** Records for this exercise follows **

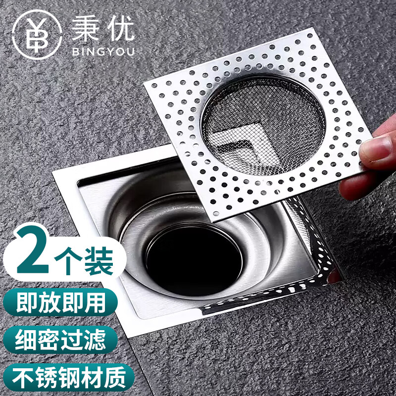 秉优不锈钢地漏过滤网2个装 方形卫生间下水道浴室通用防堵塞毛发过滤
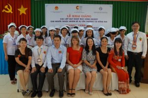 Lãnh đạo GDVT, AECID và THPT Nguyễn Bỉnh Khiêm chụp hình lưu niệm cùng các học viên lớp May công nghiệp
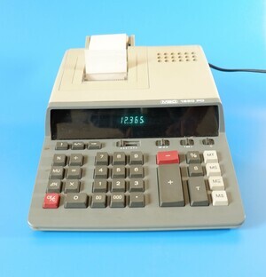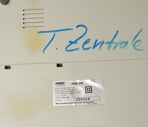 Aus einem Teil des Kombinats Robotron, der ex DDR, sind mehrere MBO (Management By Out) Firmen hervorgegangen. Welche Firma unser Objekt, den Standard Tischrechner MBO 1980 PD, hergestellt hat konnten wir nicht in Erfahrung bringen. Der 12-stellige, Rechner hat eine digitale Anzeige und ein integriertes Druckwerk. Gedruckt wir auf eine 55mm breite Papierrolle, wobei das 2-Farbenband negative Werte in rot druckt. Unser Objekt stammt aus der Firmenauflösung KARSTADT in Trier. Auf der Unterseite des Rechners ist handschriftlich der Einsatzort, die Telefonzentrale des Kaufhauses, festgehalten.
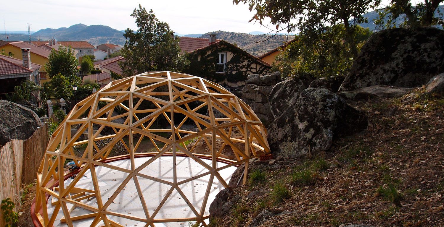 Las cúpulas o domos geodésicos se diseñan a partir de un poliedro denominado icosaedro, que está constituido por 20 triángulos equiláteros. Proyectando las aristas de estos triángulos planos a una superficie esférica, originamos triángulos equiláteros curvados, y así creamos un domo o cúpula geodésica.
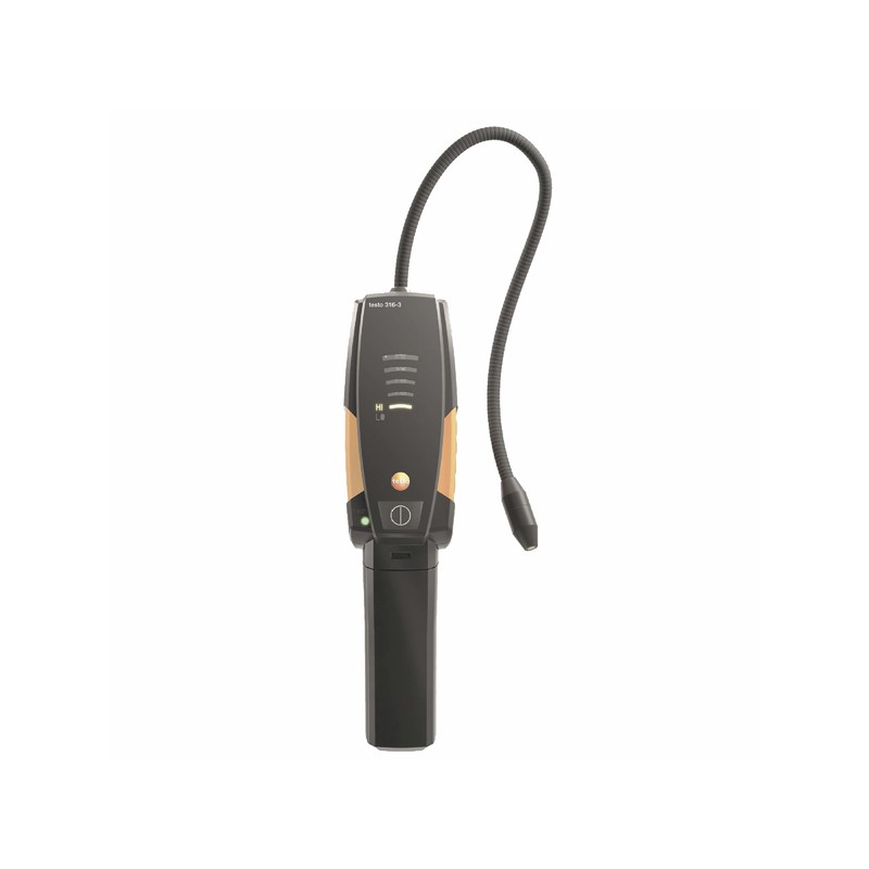 El detector de fugas TESTO 316-3, diseñado para que el técnico pueda llevarlo a todas partes, ofrece un tiempo de funcionamiento continuo de 16 horas. Puede utilizarse en un amplio rango de temperatura, desde -18°C hasta 50°C.
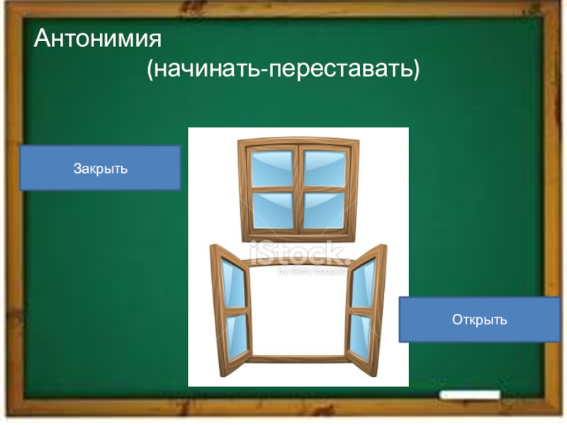 Антонимия(начинать-переставать)ЗакрытьОткрыть
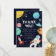 Carte de modèle de baby shower à thème spatial mignonne avec l'art de la crayon des planètes, fusée, astronaute, OVNI, étoiles dans la galaxie. La carte a un message qui remercie les invités d'avoir assisté à la douche et pour le cadeau. Idéal pour un baby shower garçon.
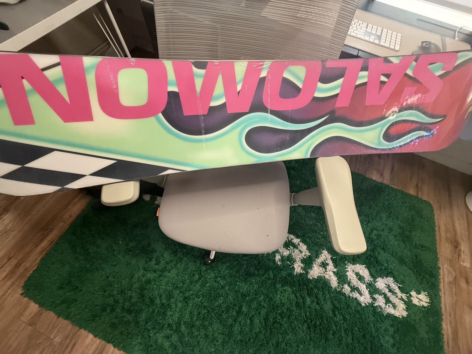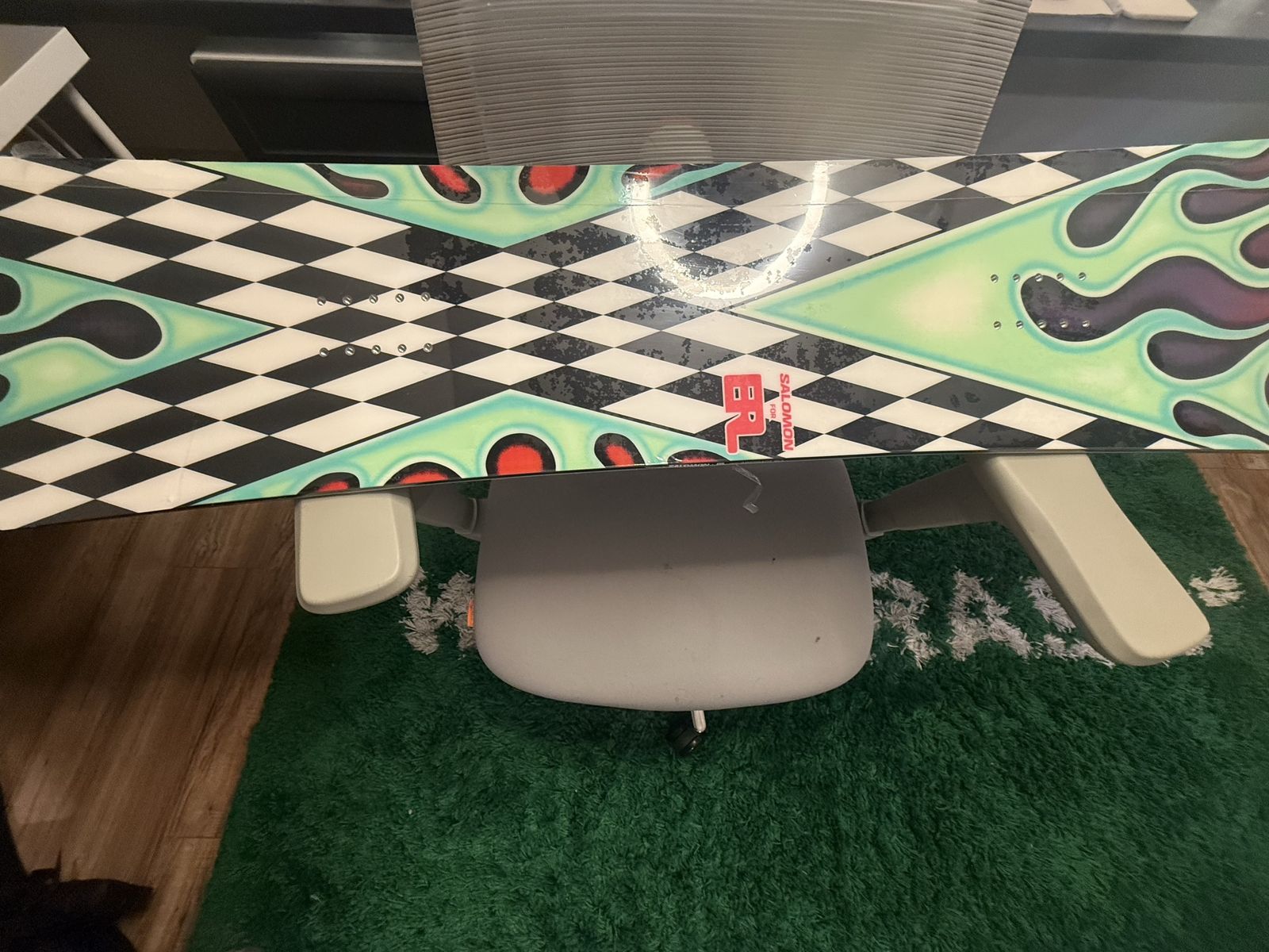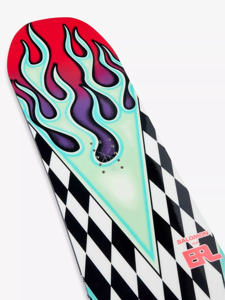 Limited Edition Collaboration ERL X Salomon flame-print snowboard primarily comes in a 153cm length, featuring a true twin shape, camber underfoot, and a medium flex, designed for riders weighing around 55-75 kg (120-165 lbs), with specific widths of 295mm (nose/tail) and 250mm (waist) for that size, fitting S/M bindings, though other models might vary. Key Specs for the 153cm Model: Length: 153cm Width: 295mm (Nose/Tail), 250mm (Waist) Profile: Camber underfoot, flat at waist, rocker at ends Flex: Medium Rider Weight: 55-75 kg (approx. 120-165 lbs) Binding Size: S/M

** End of Records for this exercise **

» Task to carry out: Please write out the whole listing exactly, but not the pictures in it.

» Answer to the problem:
 秉优不锈钢地漏过滤网2个装 方形卫生间下水道浴室通用防堵塞毛发过滤
 Lãnh đạo GDVT, AECID và THPT Nguyễn Bỉnh Khiêm chụp hình lưu niệm cùng các học viên lớp May công nghiệp
 Aus einem Teil des Kombinats Robotron, der ex DDR, sind mehrere MBO (Management By Out) Firmen hervorgegangen. Welche Firma unser Objekt, den Standard Tischrechner MBO 1980 PD, hergestellt hat konnten wir nicht in Erfahrung bringen. Der 12-stellige, Rechner hat eine digitale Anzeige und ein integriertes Druckwerk. Gedruckt wir auf eine 55mm breite Papierrolle, wobei das 2-Farbenband negative Werte in rot druckt. Unser Objekt stammt aus der Firmenauflösung KARSTADT in Trier. Auf der Unterseite des Rechners ist handschriftlich der Einsatzort, die Telefonzentrale des Kaufhauses, festgehalten.
 Las cúpulas o domos geodésicos se diseñan a partir de un poliedro denominado icosaedro, que está constituido por 20 triángulos equiláteros. Proyectando las aristas de estos triángulos planos a una superficie esférica, originamos triángulos equiláteros curvados, y así creamos un domo o cúpula geodésica.
 El detector de fugas TESTO 316-3, diseñado para que el técnico pueda llevarlo a todas partes, ofrece un tiempo de funcionamiento continuo de 16 horas. Puede utilizarse en un amplio rango de temperatura, desde -18°C hasta 50°C.
 Антонимия(начинать-переставать)ЗакрытьОткрыть
 Carte de modèle de baby shower à thème spatial mignonne avec l'art de la crayon des planètes, fusée, astronaute, OVNI, étoiles dans la galaxie. La carte a un message qui remercie les invités d'avoir assisté à la douche et pour le cadeau. Idéal pour un baby shower garçon.
 Limited Edition Collaboration ERL X Salomon flame-print snowboard primarily comes in a 153cm length, featuring a true twin shape, camber underfoot, and a medium flex, designed for riders weighing around 55-75 kg (120-165 lbs), with specific widths of 295mm (nose/tail) and 250mm (waist) for that size, fitting S/M bindings, though other models might vary. Key Specs for the 153cm Model: Length: 153cm Width: 295mm (Nose/Tail), 250mm (Waist) Profile: Camber underfoot, flat at waist, rocker at ends Flex: Medium Rider Weight: 55-75 kg (approx. 120-165 lbs) Binding Size: S/M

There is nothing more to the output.